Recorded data
-- Opening Marker --

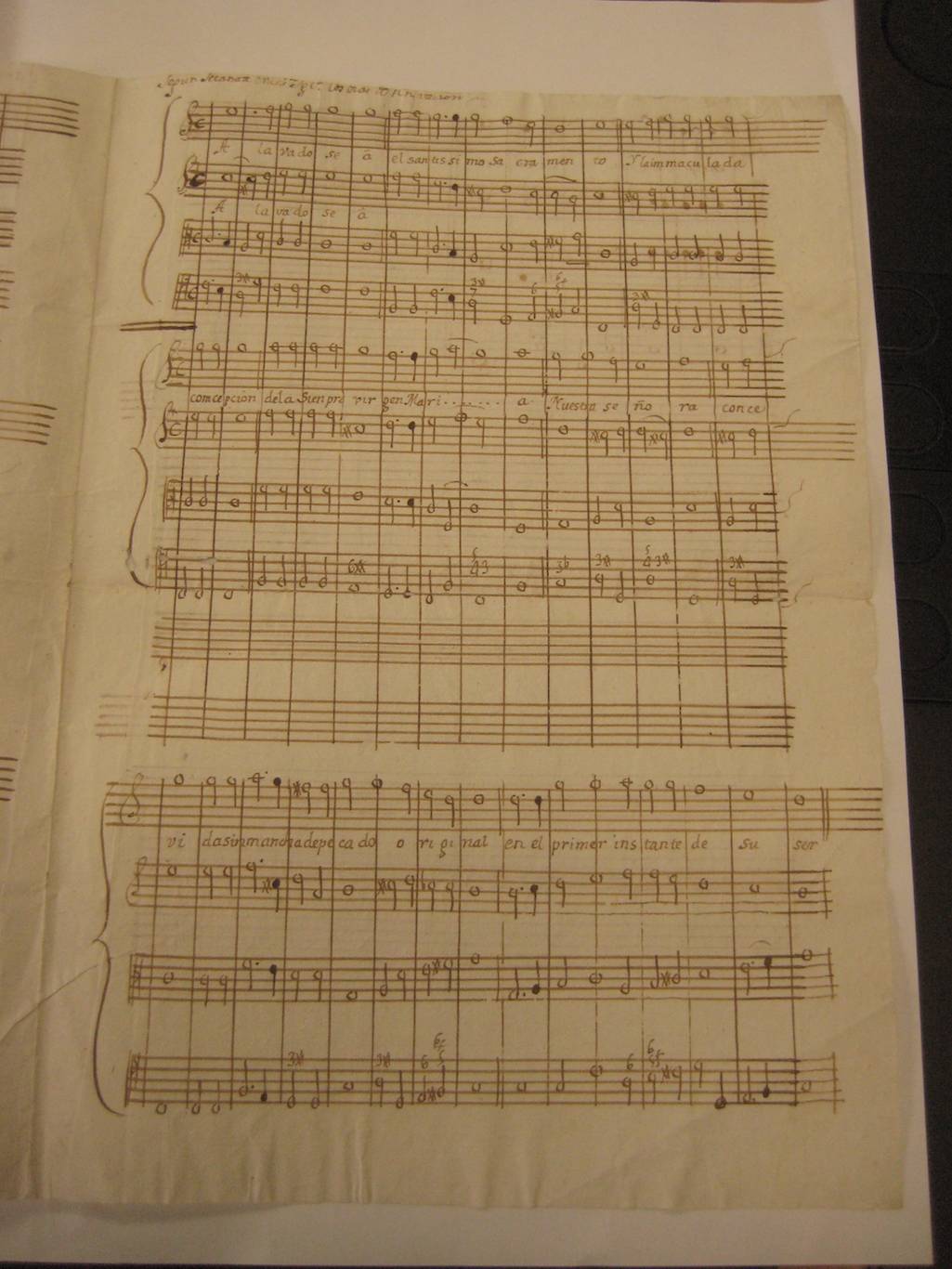 In the remains that have come down to us from the Musical Archive of the Santa Clara convent, currently deposited in the Marqués de Valdecilla Historical Library, in Madrid, we find two works that form a tandem in the city of Seville from the 17th century. It is the Pange lingua hymn of Francisco Guerrero and the Alabado of Juan Sanz [CS-1-02-0062], both chapel masters in the cathedral of Seville. The copy is probably from the second half of the 18th century, which shows the canonization and survival of these two compositions in the repertoire of this Franciscan monastery.
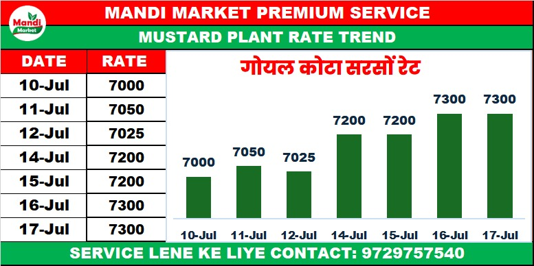 सरसों भाव ₹ 7100 तेजी ₹ 50
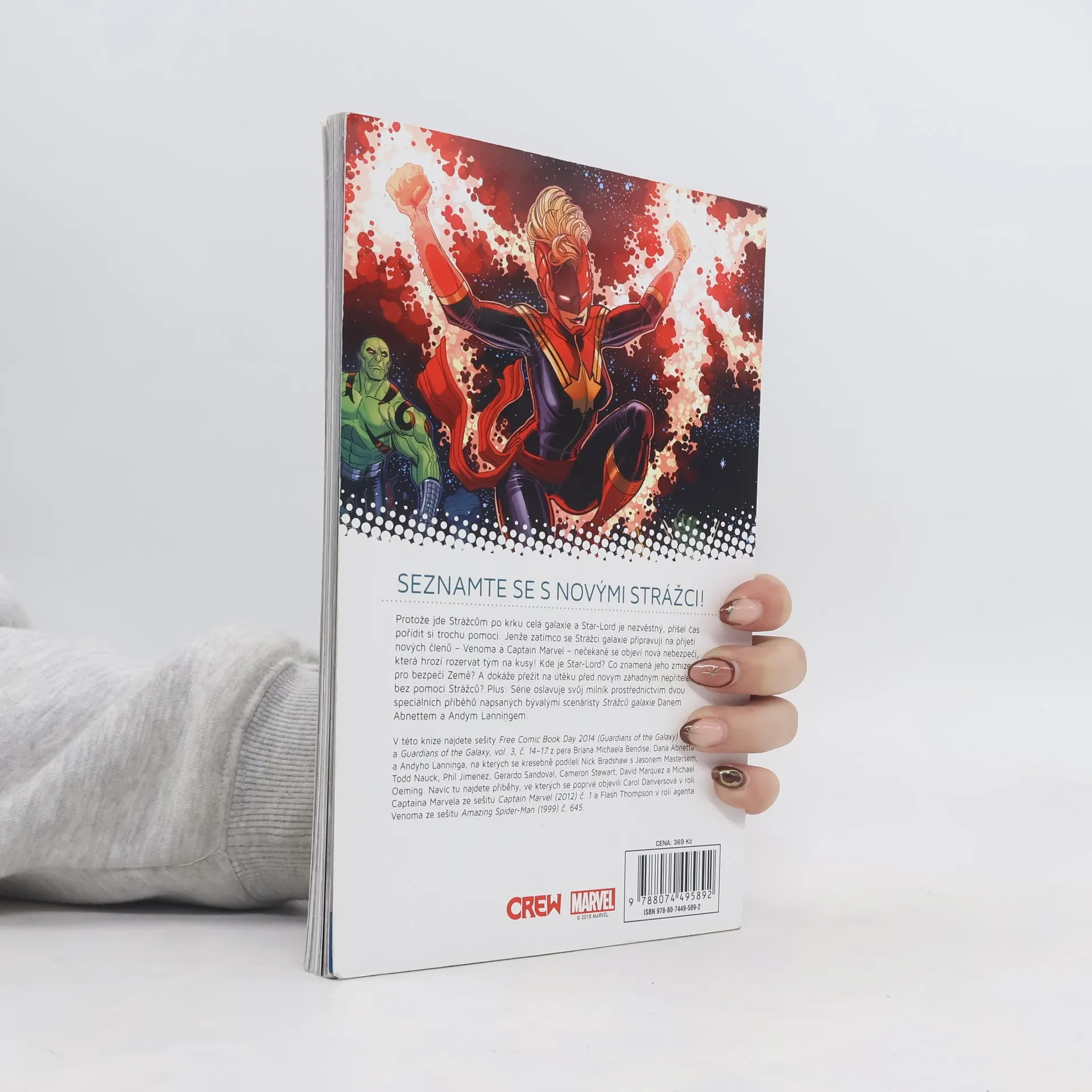 SEZNAMTE SE S NOVÝMI STRÁŽCI! Protože jde Strážcům po krku celá galaxie a Star-Lord je nezvěstný, přišel čas pořídit si trochu pomoci. Jenže zatímco se Strážci galaxie připravují na přijetí nových členů - Venoma a Captain Marvel - nečekaně se objeví nová nebezpečí, která hrozí rozervat tým na kusy! Kde je Star-Lord? Co znamená jeho zmizení pro bezpečí Země? A dokáže přežít na útěku před novým záhadným nepřítelem bez pomoci Strážců? Plus: Série oslavuje svůj milník prostřednictvím dvou speciálních příběhů napsaných bývalými scenáristy Strážců galaxie Danem Abnettem a Andym Lanningem.
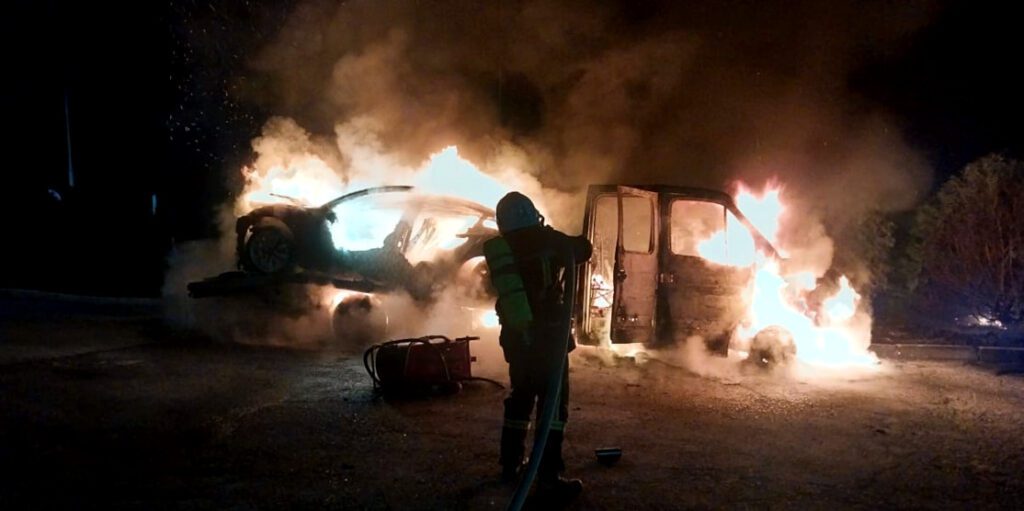 Автоваз та один з автомобілів був повністю охоплений вогнем. Існувала загроза перекидання полум’я на два інших автомобілі. Рятувальники у першу чергу відбуксирувати на безпечну відстань дві автівки та подали на гасіння вогнегасні речовини. О 02:07 пожежу було локалізовано, а о 02:10 повністю ліквідовано.
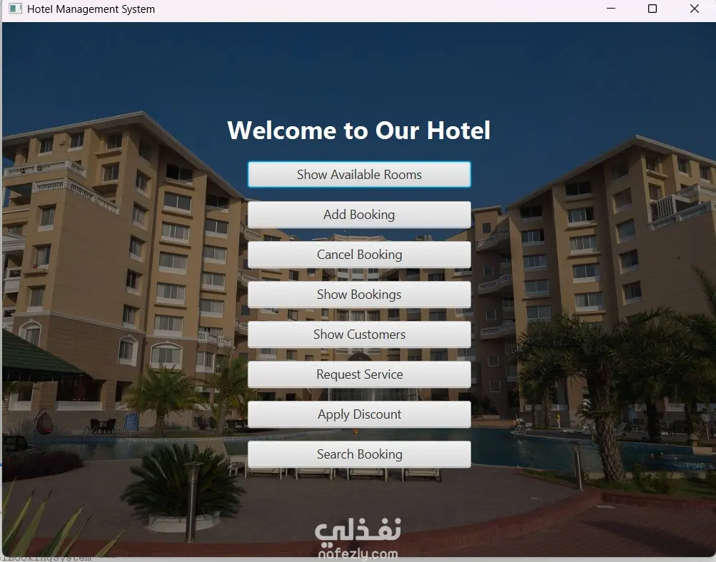 نظام متكامل لحجز الفنادق بواجهة رسومية متطورة (JavaFX Desktop App)
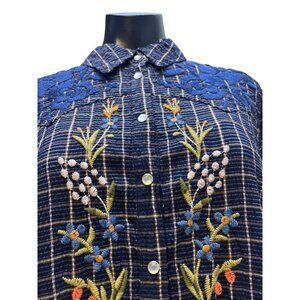 NWT Johnny Was Navy Embroidered Tunic Blouse L
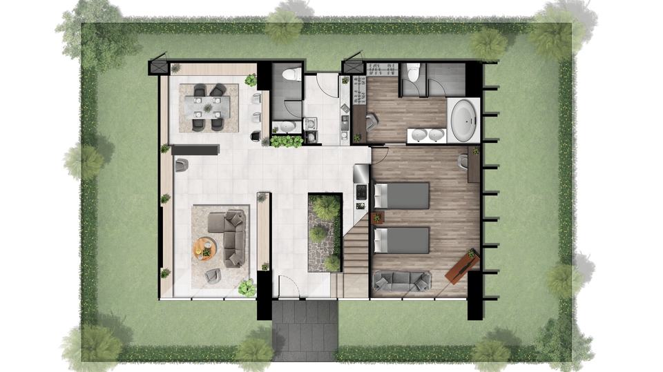 ลงสี Plan บ้านพักอาศัย / คอนโด สไตน์ Realistic
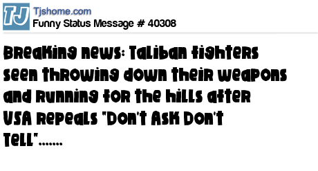 X says Breaking news: Taliban fighters seen throwing down their weapons and running for the hills after USA repeals "Don't Ask Don't Tell".......
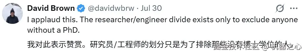 支持者中,工程师 David Brown 认为研究员 / 工程师的划分只是为了排除那些没有博士学位的人。
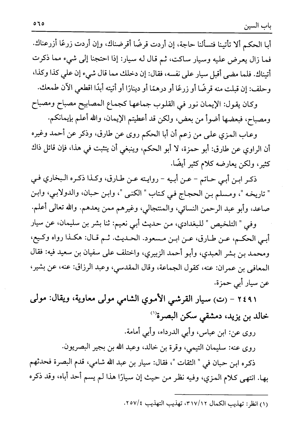 ٢٤٩١ - (ت) سيار القرشي الأموي الشامي مولى معاوية، ويقال: مولى خالد بن يزيد، دمشقي سكن البصرة (¬١)

-- Closing Marker --

__THE TASK__
Write out exactly the lines beginning with the line that holds "ลงสี Plan บ้านพักอาศัย" and ending with the final line of the data, both ends included, without the pictures.

__EXPECTED ANSWER__
 ลงสี Plan บ้านพักอาศัย / คอนโด สไตน์ Realistic
 X says Breaking news: Taliban fighters seen throwing down their weapons and running for the hills after USA repeals "Don't Ask Don't Tell".......
 支持者中,工程师 David Brown 认为研究员 / 工程师的划分只是为了排除那些没有博士学位的人。
 ٢٤٩١ - (ت) سيار القرشي الأموي الشامي مولى معاوية، ويقال: مولى خالد بن يزيد، دمشقي سكن البصرة (¬١)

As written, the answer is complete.